Il y a encore quelque temps, la Jamaïque semblait au fond du trou. Elle venait de rater le train pour la Gold Cup de la CONCACAF et avait dégringolé au-delà de la 100ème place au Classement mondial FIFA/Coca Cola. Pour redresser la situation, les Reggae Boyz avaient même fait appel à des stratèges de renom, comme Bora Milutinovic ou René Simoes, mais rien n'y avait fait.

Dans un tel contexte, il peut paraître invraisemblable que cette même équipe soit aujourd'hui, moins de deux ans plus tard, en passe de surprendre deux puissances régionales dans la quête des billets pour la Coupe du Monde de la FIFA, Afrique du Sud 2010. Pourtant, sous la houlette du sélectionneur intérimaire Theodore Whitmore, la formation des Caraïbes a obtenu deux succès inoubliables sur le Mexique et le Honduras.
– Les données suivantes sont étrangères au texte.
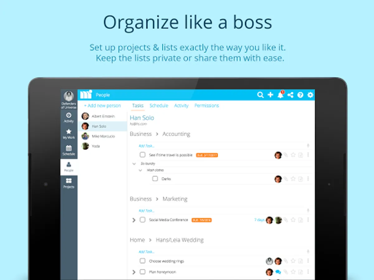 - Customization - Create task lists that make sense to you. It’s easy to create tasks and subtasks (and more subtasks under that). You can rearrange the order by simply dragging and dropping.
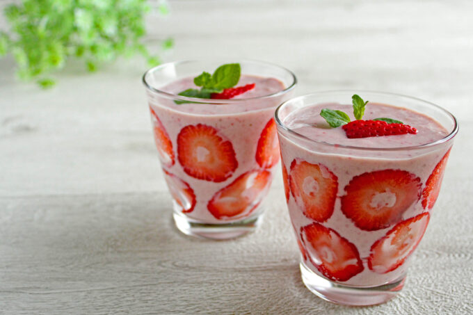 豆腐とフルーツをミキサーでなめらかに仕上げた軽やかなデザートです。ベリーの酸味とバナナの自然な甘みが重なり、冷たくて後味すっきりなヘルシーデザートをどうぞ。

Mercredi prochain, en cas de victoire sur le Canada, elle laissera sur le carreau l'une de ces deux références de la CONCACAF.

Ces succès étonnants lui ont permis de cumuler 126 points, soit la plus belle progression du mois au Classement mondial. Celle-ci se traduit par un bond de 33 places qui la catapulte du 116ème rang, le plus bas de son histoire, au 83ème. Certes, elle est encore loin de la 27ème place atteinte en août 1998, mais elle n'est plus qu'à deux longueurs des Canucks, qu'elle doit battre à Kingston pour conserver intacts ses espoirs mondialistes.

Deux succès à encadrer
La mission assignée au nouveau sélectionneur, John Barnes, paraît donc claire : confirmer les progrès réalisés par ses garçons aux commandes de Whitmore et composter le billet pour le tournoi hexagonal final de la CONCACAF. Autant dire que l'ancien chouchou de Liverpool et de l'équipe d'Angleterre a intérêt à s'inspirer des exploits réalisés par ses nouveaux protégés le mois dernier pour prolonger l'aventure.

Le rêve a commencé face au Mexique, qui n'avait cédé qu'une seule fois face aux Jamaïcains. Dans l'ambiance surchauffée du stade national de Kingston, Ricardo Fuller a décoché une violente frappe des 25 mètres qui a permis aux locaux de prendre l'avantage à la 34ème minute. Ensuite, pendant une heure, les Reggae Boyz ont donné une leçon de discipline tactique aux stars aztèques, incapables d'éviter ce succès historique.

Ce scénario allait se répéter à peine quelques jours plus tard, avec la visite des Catrachos. Cette fois-ci, c'est Luton Shelton qui a ouvert la marque, dès la 16ème minute, envoyant ainsi les Honduriens dans les cordes. Ensuite, profitant à nouveau de la ferveur de leur public, les locaux ont appliqué le même plan de jeu, à base de discipline et d'abnégation, pour étouffer les offensives adverses et empocher les trois points.

Grâce à ces deux succès, la Jamaïque a effacé partiellement son mauvais départ, marqué par trois matches sans victoire. Elle occupe aujourd'hui la troisième place du Groupe 2 avec sept points, respectivement à deux et trois longueurs d'Honduriens et de Mexicains qui s'affronteront lors de la dernière journée. Les choses sont claires : seule une victoire peut permettre aux Jamaïcains de poursuivre leur route, puisqu'ils affichent une moins bonne différence de buts que leurs deux adversaires. Donnés pour morts à plusieurs reprises au cours de ces éliminatoires, les Reggae Boyz se sont toujours relevés. On peut s'attendre à une nouvelle grosse performance de leur part dans leur antre de Kingston.